PRF was first developed in France by Dohan et al. for specific use in oral and maxillofacial surgery.[14] The scientific rationale behind the use of platelet preparations lies in the fact that the platelet α-granules are a reservoir of many growth factors that are known to play a crucial role in hard and soft tissue repair mechanism.[15] These include platelet-derived growth factors (PDGFs), transforming growth factor β, vascular endothelial growth factor (VEGF), epidermal growth factor (EGF) and insulin-like growth factor-1 (IGF-1). PDGFs exhibit chemotactic and mitogenic properties that promote and modulate cellular functions involved in tissue healing and regeneration and cell proliferation.[16] It has been reported that revitalization of necrotic-infected immature tooth is possible under conditions of total canal disinfection; and as PRF is an ideal biomaterial for pulp-dentin complex regeneration,[5] it was used as a scaffold in the present case.

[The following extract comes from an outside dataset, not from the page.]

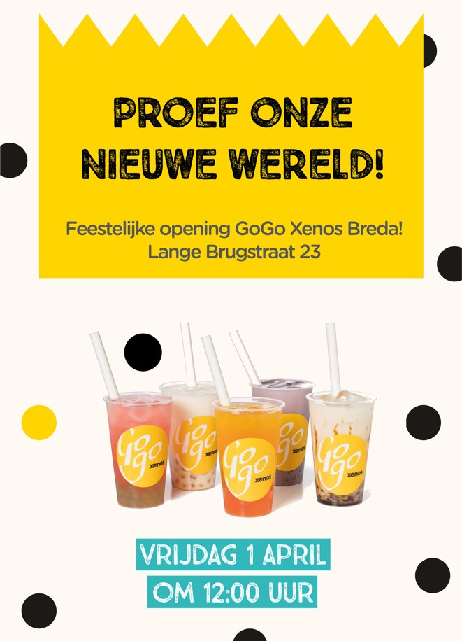 In de Barones in Breda gaat op vrijdag 1 april wel iets héél bijzonders gebeuren. Xenos opent hier een geheel nieuw concept: Xenos GoGo - de allereerste Xenos Bubble Tea Bar. De perfecte uitvalsbasis om tijdens een dagje shoppen een drankje to go te halen, dat nét even anders is.

Apical closure and increasing radicular thickness were noted at the 10-month follow-up in both the central incisors; however, the left central incisor showed radio-opacity at the apical third, which could be calcific degeneration. The negative response demonstrated may be because the tissue that invaginated into the canal space had minimal nervous innervation or more likely because of the presence of MTA sealing and partial obliteration of the root canal space. MTA was placed over the blood clot to isolate the root canal from the external surface of the tooth and create a hard tissue barrier at its contact point with the blood clot. It might have also provided signaling molecules for the growth of stem cells.[4] This report of pulp revascularization shows that disinfection with PDT combined with PRF leads to satisfactory root development in necrotic immature teeth.